Она посмотрела на Рекоша.
— Они безопасны?
— Цветы, да, безопасны, — ответил он, проходя мимо нее к кромке воды, вытянул копье, потревожив поверхность
Рекош некоторое время смотрел на пруд, и Ахмья подошла к нему. Вода имела легкий зеленый оттенок, но была относительно прозрачной, позволяя разглядеть темные очертания крошечных, похожих на рыб существ, порхающих среди корней и мусора на дне.
— Выглядит безопасно, — сказал он, убирая копье, — но держись поближе, кир’ани ви’кейши.
Она посмотрела на него снизу вверх. Его тело было напряжено, и она увидела настороженность в прищуренных глазах, когда они окинули взглядом пруд и окрестности. Не было никаких сомнений, о чем он думал. Он помнил, как на нее напала огненная лиана, и все еще винил себя за то, что не смог защитить ее.
Ахмья положила ладонь ему на плечо.
— Все в порядке.
Кряхтя, он повернул лицо к Ахмье, не сводя с нее глаз, пока напряжение не покинуло его. Он погладил передней ногой ее икру над ботинком.
— Я знаю.
Почти дрожа от возбуждения, она опустилась на колени на краю пруда и отложила копье. Наклонившись вперед и твердо опершись одной рукой о землю, Ахмья протянула руку и взяла в ладонь один из пышных желтых цветков, притягивая его ближе. Сделав это, она поняла, что лепестки оказались не такими чисто-желтыми, как казалось издалека, а были окрашены на верхушках ярко-красными пятнами. Этот красный цвет заполнил серединки цветов.

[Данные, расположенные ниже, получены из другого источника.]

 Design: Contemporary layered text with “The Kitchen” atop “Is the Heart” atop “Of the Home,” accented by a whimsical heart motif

— Что это? — спросила она.
— Аджа’ани’недал, — Рекош опустился на колени рядом с ней и провел тыльной стороной пальца по одному из лепестков с красными отметинами. — Кровь матери.
— Кровь матери? — она усмехнулась. — Я думаю, красные пятна на лепестках действительно похожи на капли крови.

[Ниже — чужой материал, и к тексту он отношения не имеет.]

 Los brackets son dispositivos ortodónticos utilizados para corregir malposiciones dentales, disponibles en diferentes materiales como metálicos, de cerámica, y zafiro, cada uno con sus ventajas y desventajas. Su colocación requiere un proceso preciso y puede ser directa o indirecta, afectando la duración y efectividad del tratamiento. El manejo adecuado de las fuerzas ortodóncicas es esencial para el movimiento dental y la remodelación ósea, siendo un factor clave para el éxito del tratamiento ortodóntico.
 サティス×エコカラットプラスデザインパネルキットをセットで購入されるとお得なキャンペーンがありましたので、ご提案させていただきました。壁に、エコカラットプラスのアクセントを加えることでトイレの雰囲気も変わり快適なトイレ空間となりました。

— Эти цветы очень редки, но, если они растут, то очень густо разрастаются. Такие бассейны, как этот, часто превращают в священные места, — он выпрямился и указал через воду на статую. — Говорят, что давным-давно ужасная болезнь поразила вриксов. Многие умерли, и все страдали. Праматерь посмотрела на своих отпрысков, и ее захлестнула печаль при виде такой боли. Итак, она разрезала себе руку, и ее кровь пролилась дождем, упала на эти цветы и передала им часть своей силы. Поскольку они отмечены ее кровью, известно, что они исцеляют, могут облегчить болезнь и боль, остановить кровотечение из ран. Как и корень Мендера, они редки, и тоже священны. Вриксы не осмеливаются брать слишком много, опасаясь, что жертва Праматери пропадет даром.
Он хмыкнул и наклонил голову.
— Я рад, что Зурваши не нашла это место. Она бы уничтожила его.
Ахмья нахмурилась, откинулась на пятки и посмотрела на пруд. Она слышала истории о жадности Зурваши к корню Мендера, который требовался ей не из-за его целебных свойств, а потому, что из него получался ее любимый оттенок фиолетовой краски. Как она из-за этого развязала войну против Терновых Черепов, что привело к стольким смертям только из-за ее тщеславия. Но Ахмья ничего не слышала об аджа’ани’недале.